Solar cell inspection specialists, Dark Field Technologies, are in the process of patenting another approach that reportedly yields pixel imaging up to 20x of the sensors optical resolution. Dark Field Technologies focuses on thin-film solar cell inspection. The new system, called Solid State Scanning, uses a combination of white light and coherent light in a dark field imaging system, which means the optical illumination is off axis and does not normally reflect directly back to the camera.

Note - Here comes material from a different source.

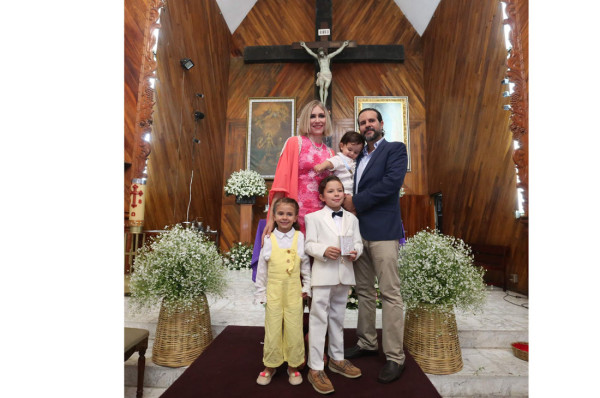 El integrante más pequeño, Henri Emanuel, se incorporó a la comunidad católica al ser bautizado, y para recibir en sus sienes las aguas del Jordán, fue cargado por sus padrinos, Jolie Osuna de Santander, Arturo Santander Tirado, Kenya Santiago y Georg Gatchev, quienes se comprometieron a ser su guía.
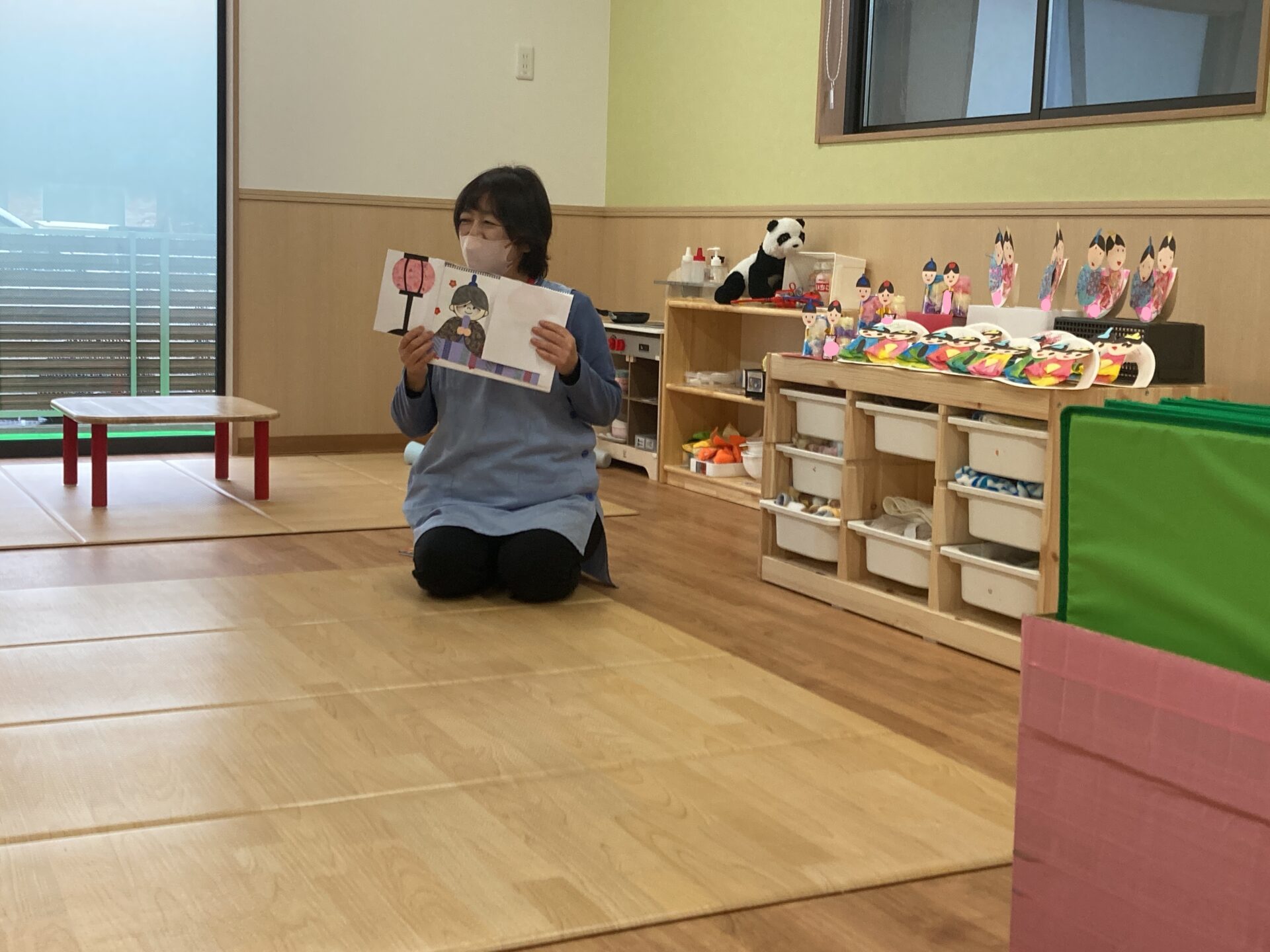 先生から、ひなまつりのお話のスケッチブックシアター。

“Fundamentally, it’s creating well-defined illumination and measuring how much scatter we get around the core,” explains Timothy Potts, President of Dark Field Technologies. “Defects, such as scratches, scatter light. The new system, which uses a DALSA Piranha2, 8k pixel line scan cameras has a unique dark field optical configuration that is self-aligning, and can detect defects down to a few microns regardless of panel warpage or vibration at speeds of 30 meters per minute. No one believes it, until they see it. And then they all buy it.”
As Dark Field, SolarCheck and other systems clearly illustrate, a great strength of machine vision is its flexibility to adapt to changing manufacturing processes and demands while using any and all optical methods available. While machine vision will never take the place of an offline Mitutoyo CMM system for accuracy and spatial resolution; working together, machine vision and quality control departments allow manufacturers to continually push the envelop of their product designs while keeping a close eye on yields and the bottom line.